There is a tremendous cost to incarcerating people…throwing them in jail.
#1 – There is a tremendous imbalance in terms of the ratio of whites, blacks and Hispanics.
Despite the huge population of incarcerated people it is far from a representative portion of the population. While the national average is 1 in 100, only 1 in 106 is a white male. Shockingly, 1 in 15 Black men are incarcerated. This is like 2 people out of every classroom. Comparatively 1 in 36 Hispanic men are incarcerated fully 300% more than their white counterparts.
#2 – America has 25% of all the world’s prisoners
#3 – It is a big business for private prison systems
We wrote about this in our article Private prison company offers to buy 48 states’ prisons for $250 Million
#4 – It costs you money – lots of money
Online Education writes:
Consider firstly the yearly tax burden of the average US household which is roughly $19,000. Comparatively, it costs $23,876 a year to house, feed, and care for an inmate. To give more perspective most parents spend $7,000 per child on education and close to $9,000 in healthcare costs per person. In light of such numbers no one should be shocked to find out that we spent $44 Billion on corrections in 2007 alone.
“According to the US Department of Justice, 30-40 percent of all current prison admissions involve crimes that have no direct or obvious victim other than the perpetrator.”
A very large % of people are in jail for taking drugs that does no harm to anyone but themselves. The increase in prison population can be directly attributed to the “War on Drugs”.
Says Paul Butler from the NY TIMES:
IF you are ever on a jury in a marijuana case, I recommend that you vote “not guilty” — even if you think the defendant actually smoked pot, or sold it to another consenting adult. As a juror, you have this power under the Bill of Rights; if you exercise it, you become part of a proud tradition of American jurors who helped make our laws fairer.

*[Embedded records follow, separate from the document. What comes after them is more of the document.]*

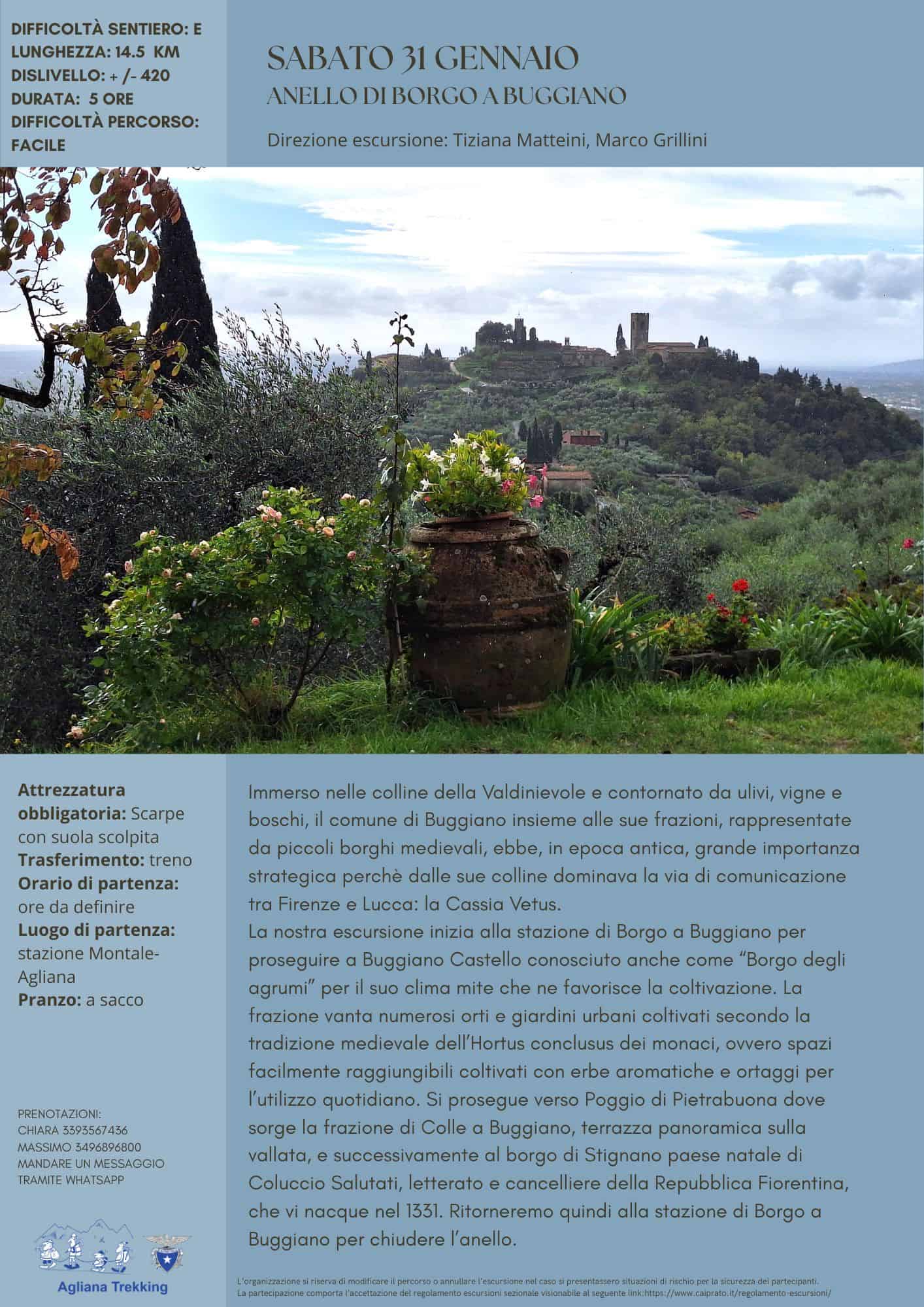 La nostra escursione inizia alla stazione di Borgo a Buggiano per proseguire a Buggiano Castello conosciuto anche come “Borgo degli agrumi” per il suo clima mite che ne favorisce la coltivazione. La frazione vanta numerosi orti e giardini urbani coltivati secondo la tradizione medievale dell’Hortus conclusus dei monaci, ovvero spazi facilmente raggiungibili coltivati con erbe aromatiche e ortaggi per l’utilizzo quotidiano. Si prosegue verso Poggio di Pietrabuona dove sorge la frazione di Colle a Buggiano, terrazza panoramica sulla vallata, e successivamente al borgo di Stignano paese natale di Coluccio Salutati, letterato e cancelliere della Repubblica Fiorentina, che vi nacque nel 1331. Ritorneremo quindi alla stazione di Borgo a Buggiano per chiudere l’anello.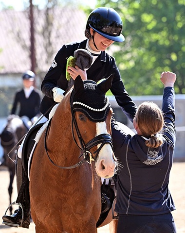 An example of self-made success: raised from the age of two and carefully started under saddle at four at Amelie von Harsdorf's stable. Winning young horse classes and qualified for the Bundeschampionate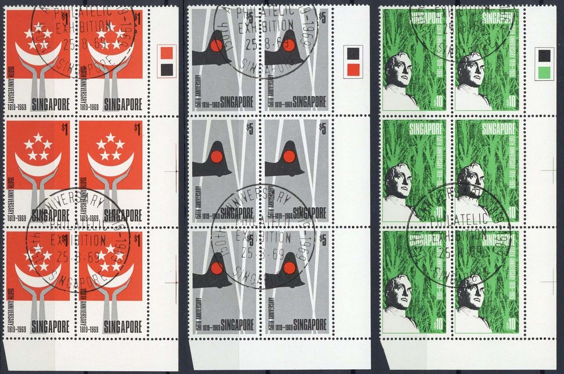 1969 (Aug.) 150th Anniv. of Founding of Singapore, 15c. to $10 set of six in lower right corner blocks of six (2x3), all cancelled by last day of Exhibition c.d.s., fine. S.G. 121-126, £540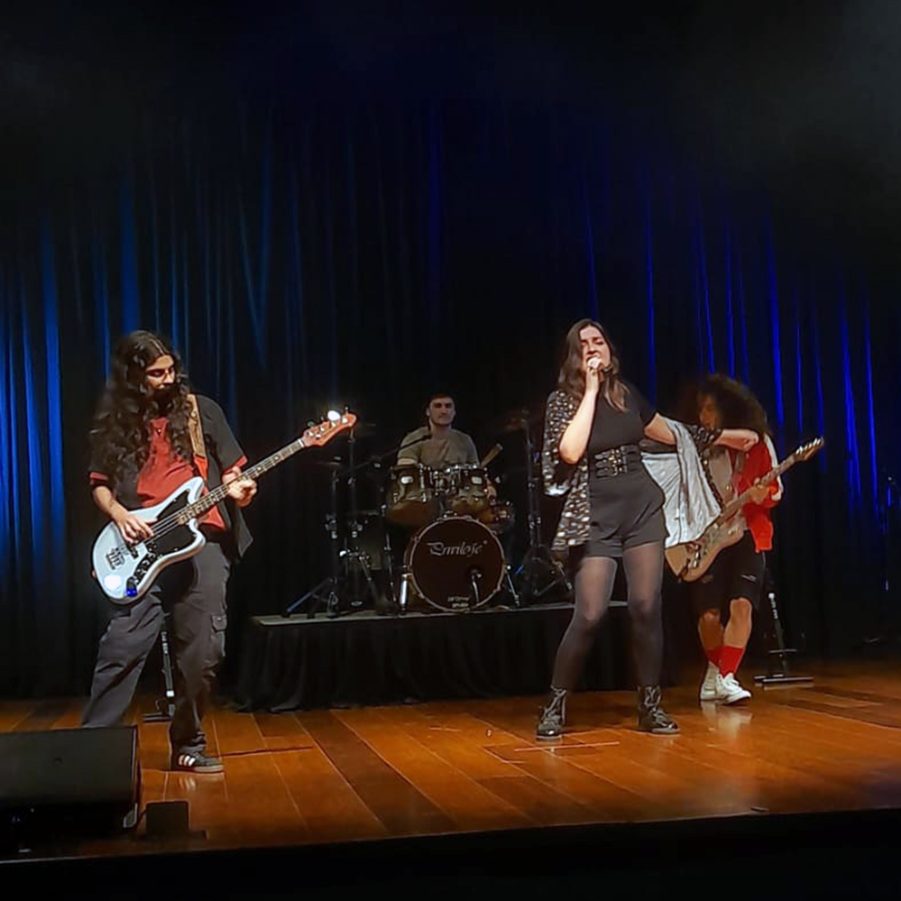 Nicole Belanoce, estudante de Enfermagem // guitarrista Pietro Menezes // vocalista Mariana Oils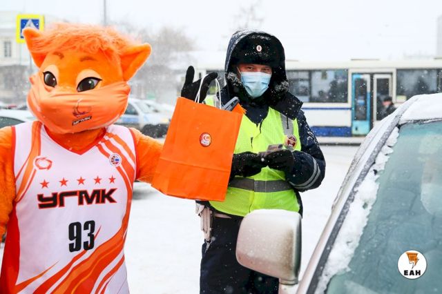Талисманы баскетбольного клуба УГМК — Лис Майк и Лиса Маша провели праздничный рейд по дорогам Екатеринбурга в сопровождении экипажа ДПС.

Jury nullification is not new; its proponents have included John Hancock and John Adams. The doctrine is premised on the idea that ordinary citizens, not government officials, should have the final say as to whether a person should be punished. As Adams put it, it is each juror’s “duty” to vote based on his or her “own best understanding, judgment and conscience, though in direct opposition to the direction of the court.”